The Rawnsley Archive came originally from Allan Bank after the death of Hardwicke Drummond Rawnsley’s second wife, Eleanor Foster Rawnsley, in April 1959.
Rosalind Rawnsley inherited a trunk of papers, along with various other items from Allan Bank. These had been collected by Rosalind’s father, Conrad Rawnsley, grandson of Hardwicke Drummond Rawnsley, and handed over to Rosalind.
The archives moved to Scotland with Rosalind & her husband John. Some papers & photographs were transported to their house in France. Rosalind used the Archive for her own research purposes & also dealt with researchers.
On a visit to my house in June 2009 she saw the arrangement of the Langney Archives and decided to offer up the Rawnsley Archive so that it could be sorted, listed, boxed & stored in acid free boxes. This would ensure better preservation of the material and make it easier to deal with enquiries from researchers. I agreed to take on the task and the majority of the Archive was formally handed over in 2010.
The material from Rosalind did not all arrive together. Some items had been retained in France as they were still being used by Rosalind for her research. Over the following years these items gradually made their way into the Archives. In 2011 a few more items arrived, and a Rawnsley Record Book was deposited in 2017.
In 2018 a quantity of Edith’s watercolours were delivered & in 2019 the Tennyson letters and a file of Hardwicke’s poetry was deposited. COVID prevented any celebration of the centenary of his death in 2020, but a further file, mainly of Rosalind’s research material, was handed over in 2021.
The Rawnsley Archive contains personal material of Hardwicke Drummond Rawnsley. The material goes back a generation to Hardwicke’s mother, Catherine Rawnsley, & includes her commonplace books containing his poetry, but also some diaries of Catherine’s.
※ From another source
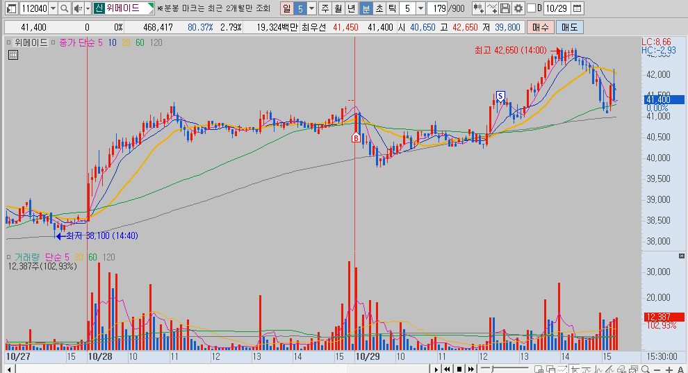 위메이는 게임관련주로 최근 2일간의 매수주체를 확인하고, 시가에 매수를 했습니다. 한번더 추가 매수 할 기회를 줫었는데, 체결은 되지 않고 그냥 가버렸습니다. 어제 종가부근까지 반등했을때 모두 정리했습니다.

Edith Rawnsley’s (née Fletcher) archives include a large collection of her watercolours.
The list includes the Harry Ruckley Archive which was handed to Rosalind by his daughter after Ruckley’s death. Harry had intended to write a biography of Hardwicke & had borrowed & photocopied various papers & photographs from the Archive, as well as elsewhere.
It is clear that Hardwicke would have generated huge amounts of correspondence in his lifetime, but much of this has disappeared and is not reflected in the Archive. Similarly, there is not much material generated by Eleanor Rawnsley (née Simpson), Hardwicke’s second wife.
A collection of Hardwicke’s papers came up for sale in 1996 at Hollett & Son, Antiquarian Book Sellers in Sedburgh, on behalf of an unknown seller, possibly Janet Martin, who had started, but never completed a biography. The collection was bought by the Curwen Archives Trust for Kendal Archives.